Шаховской и Зборовский уходили стремя к стремени. Ни взлеты его крамолы, ни ее падения, ни монастырское заточение не лишили Шаховского способности мгновенной оценки событий. Он помалкивал, а мог бы подсказать Зборовскому, что здесь, под Торжком переменилось польское военное счастье, что польским находникам уже нечего искать на русской земле. Он еще не знал, что очередной приступ Сапеги отбит под Троицей, но мог бы объяснить полякам, что оборона  Сергиевой обители подняла русских на защиту своей земли, что отныне тушинский Дмитрий  сможет продержаться только русскими руками, а поляки стали для него гибельной помехой.

Ничего объяснять Зборовскому князь Григорий не захотел. Не настал еще час порывать с поляками, но не отказал себе в удовльствии унизить польского пана.
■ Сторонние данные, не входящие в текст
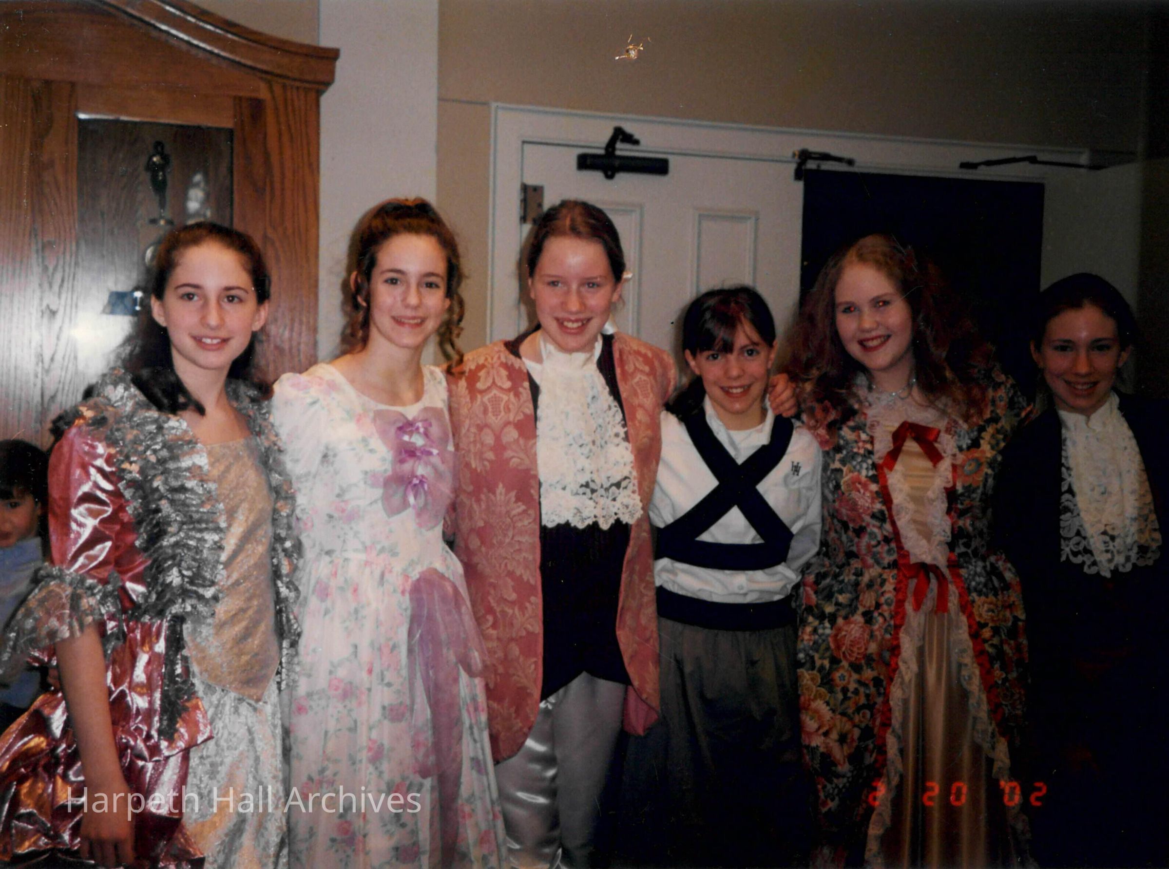A group of seventh grade students posing in costume after the George Washington Day Celebration on February 20, 2002. The photo is taken in the Marnie Sheridan Gallery in the McMurry Center.Context

— Не доводилось мне встречаться со шведами. Для них бой, что перестроение на плацу. Вот они — истинные воители!

Зборовский нашел оправдание.

— Узкое место. Негде было развернуть хоругви.

— Тесно нам, тесно и им. Они в бою, как одна рука.

— Одну руку легче рубить, — не сдавался Зборовский.

Пришли в Тверь. Зборовский тут же попытался отрубить шведскую руку. Он послал письмо Делагарди, дабы отговорить его от союза с царем Шуйским. Он писал: «Вероломные, изгнавшие царя Дмитрия из Москвы, обманули вас. Мы не страшимся оружия вашего, но по любви Христианской советую вам, как нашим единоверцам, действовать с нами для возведения Дмитрия на его отеческий престол. В противном случае Бог да судит вас, да покорит под ноги нам: ибо мы не повинные в пролитии крови и жаждем вашей».